-- Record excerpts follows --

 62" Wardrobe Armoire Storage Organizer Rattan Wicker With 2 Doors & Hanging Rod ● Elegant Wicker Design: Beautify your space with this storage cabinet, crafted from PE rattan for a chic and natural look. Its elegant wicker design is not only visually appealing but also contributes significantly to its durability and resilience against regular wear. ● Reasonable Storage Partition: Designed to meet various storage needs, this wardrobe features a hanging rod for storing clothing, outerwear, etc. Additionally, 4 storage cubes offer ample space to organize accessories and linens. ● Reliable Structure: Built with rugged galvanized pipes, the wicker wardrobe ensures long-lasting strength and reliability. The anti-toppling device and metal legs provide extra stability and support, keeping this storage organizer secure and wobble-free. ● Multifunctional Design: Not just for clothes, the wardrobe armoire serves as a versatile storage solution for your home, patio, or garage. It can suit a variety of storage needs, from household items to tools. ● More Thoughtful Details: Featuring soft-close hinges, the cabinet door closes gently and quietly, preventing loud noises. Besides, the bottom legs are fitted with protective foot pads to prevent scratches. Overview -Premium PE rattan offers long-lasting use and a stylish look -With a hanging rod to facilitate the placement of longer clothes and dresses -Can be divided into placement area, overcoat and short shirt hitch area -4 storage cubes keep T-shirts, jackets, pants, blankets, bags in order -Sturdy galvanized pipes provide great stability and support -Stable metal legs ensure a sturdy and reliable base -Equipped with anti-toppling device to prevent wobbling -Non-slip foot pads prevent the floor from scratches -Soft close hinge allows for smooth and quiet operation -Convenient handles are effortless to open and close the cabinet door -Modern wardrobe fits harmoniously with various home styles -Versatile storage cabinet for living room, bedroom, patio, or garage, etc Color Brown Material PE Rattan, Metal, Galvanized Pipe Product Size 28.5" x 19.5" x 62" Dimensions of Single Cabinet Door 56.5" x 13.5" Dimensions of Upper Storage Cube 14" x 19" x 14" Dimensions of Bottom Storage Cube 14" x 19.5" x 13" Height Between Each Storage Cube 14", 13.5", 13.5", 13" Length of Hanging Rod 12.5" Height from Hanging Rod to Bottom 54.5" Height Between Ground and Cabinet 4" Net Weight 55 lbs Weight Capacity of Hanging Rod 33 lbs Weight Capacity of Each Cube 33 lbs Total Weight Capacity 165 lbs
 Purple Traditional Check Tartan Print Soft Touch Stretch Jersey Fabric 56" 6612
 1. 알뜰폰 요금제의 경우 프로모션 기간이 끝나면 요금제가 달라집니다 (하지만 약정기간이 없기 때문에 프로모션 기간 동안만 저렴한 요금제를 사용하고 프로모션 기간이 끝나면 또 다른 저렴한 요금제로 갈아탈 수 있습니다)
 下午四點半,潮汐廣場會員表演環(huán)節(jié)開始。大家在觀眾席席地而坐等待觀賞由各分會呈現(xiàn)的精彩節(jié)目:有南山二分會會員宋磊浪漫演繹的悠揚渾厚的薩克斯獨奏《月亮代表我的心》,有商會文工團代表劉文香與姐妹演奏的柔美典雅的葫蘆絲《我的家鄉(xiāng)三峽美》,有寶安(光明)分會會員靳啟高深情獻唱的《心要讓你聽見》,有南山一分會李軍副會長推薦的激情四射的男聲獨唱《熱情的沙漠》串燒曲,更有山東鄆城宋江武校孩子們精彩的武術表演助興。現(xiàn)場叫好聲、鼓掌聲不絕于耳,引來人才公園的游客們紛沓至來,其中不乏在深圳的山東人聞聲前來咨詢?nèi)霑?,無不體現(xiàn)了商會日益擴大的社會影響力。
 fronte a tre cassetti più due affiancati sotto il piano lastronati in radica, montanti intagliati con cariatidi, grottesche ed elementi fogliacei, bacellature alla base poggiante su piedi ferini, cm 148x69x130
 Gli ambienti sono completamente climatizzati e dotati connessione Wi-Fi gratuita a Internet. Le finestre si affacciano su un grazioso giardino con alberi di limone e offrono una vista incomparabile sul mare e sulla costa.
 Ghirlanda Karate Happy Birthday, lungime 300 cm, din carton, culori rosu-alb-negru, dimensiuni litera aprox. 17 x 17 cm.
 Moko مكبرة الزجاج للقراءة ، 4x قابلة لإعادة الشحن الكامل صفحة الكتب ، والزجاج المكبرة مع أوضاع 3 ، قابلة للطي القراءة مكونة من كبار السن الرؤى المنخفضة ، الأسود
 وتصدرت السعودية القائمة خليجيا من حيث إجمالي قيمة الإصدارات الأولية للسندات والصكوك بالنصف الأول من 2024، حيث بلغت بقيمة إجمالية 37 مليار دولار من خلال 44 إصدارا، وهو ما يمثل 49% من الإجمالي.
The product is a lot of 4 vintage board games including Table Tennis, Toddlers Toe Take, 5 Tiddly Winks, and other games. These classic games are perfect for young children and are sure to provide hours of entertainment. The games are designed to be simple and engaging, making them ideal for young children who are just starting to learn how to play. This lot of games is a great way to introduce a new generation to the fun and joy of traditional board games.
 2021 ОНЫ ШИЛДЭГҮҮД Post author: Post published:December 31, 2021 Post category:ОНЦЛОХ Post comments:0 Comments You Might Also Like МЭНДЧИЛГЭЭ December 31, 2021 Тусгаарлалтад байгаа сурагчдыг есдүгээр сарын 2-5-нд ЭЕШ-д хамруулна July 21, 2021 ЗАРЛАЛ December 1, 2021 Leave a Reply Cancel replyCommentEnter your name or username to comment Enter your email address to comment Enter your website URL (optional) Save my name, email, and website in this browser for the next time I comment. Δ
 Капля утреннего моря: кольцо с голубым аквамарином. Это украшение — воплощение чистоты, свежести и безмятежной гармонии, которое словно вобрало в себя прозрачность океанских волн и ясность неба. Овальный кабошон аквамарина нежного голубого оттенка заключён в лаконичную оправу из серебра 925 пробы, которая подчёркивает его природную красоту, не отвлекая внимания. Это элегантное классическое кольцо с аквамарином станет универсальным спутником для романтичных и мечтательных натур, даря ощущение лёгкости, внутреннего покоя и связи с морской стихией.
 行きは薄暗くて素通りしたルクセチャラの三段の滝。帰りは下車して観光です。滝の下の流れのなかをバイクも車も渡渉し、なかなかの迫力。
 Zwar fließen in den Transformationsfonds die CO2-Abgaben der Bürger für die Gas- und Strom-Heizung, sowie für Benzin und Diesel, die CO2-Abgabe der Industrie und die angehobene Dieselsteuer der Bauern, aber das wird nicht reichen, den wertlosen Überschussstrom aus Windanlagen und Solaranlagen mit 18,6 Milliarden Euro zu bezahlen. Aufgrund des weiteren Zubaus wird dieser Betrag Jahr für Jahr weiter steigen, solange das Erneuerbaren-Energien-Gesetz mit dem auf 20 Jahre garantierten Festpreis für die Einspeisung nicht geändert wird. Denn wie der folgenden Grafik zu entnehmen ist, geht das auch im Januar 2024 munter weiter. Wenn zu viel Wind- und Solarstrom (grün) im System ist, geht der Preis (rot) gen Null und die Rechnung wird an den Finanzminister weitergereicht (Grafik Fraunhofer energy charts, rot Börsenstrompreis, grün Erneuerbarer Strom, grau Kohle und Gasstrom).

-- Record excerpts concluded --

## Exercise directions
Please reproduce the lines from the line with "Moko مكبرة الزجاج" to the line with "The product is", both ends included, exactly as they appear above.

## The answer
 Moko مكبرة الزجاج للقراءة ، 4x قابلة لإعادة الشحن الكامل صفحة الكتب ، والزجاج المكبرة مع أوضاع 3 ، قابلة للطي القراءة مكونة من كبار السن الرؤى المنخفضة ، الأسود
 وتصدرت السعودية القائمة خليجيا من حيث إجمالي قيمة الإصدارات الأولية للسندات والصكوك بالنصف الأول من 2024، حيث بلغت بقيمة إجمالية 37 مليار دولار من خلال 44 إصدارا، وهو ما يمثل 49% من الإجمالي.
The product is a lot of 4 vintage board games including Table Tennis, Toddlers Toe Take, 5 Tiddly Winks, and other games. These classic games are perfect for young children and are sure to provide hours of entertainment. The games are designed to be simple and engaging, making them ideal for young children who are just starting to learn how to play. This lot of games is a great way to introduce a new generation to the fun and joy of traditional board games.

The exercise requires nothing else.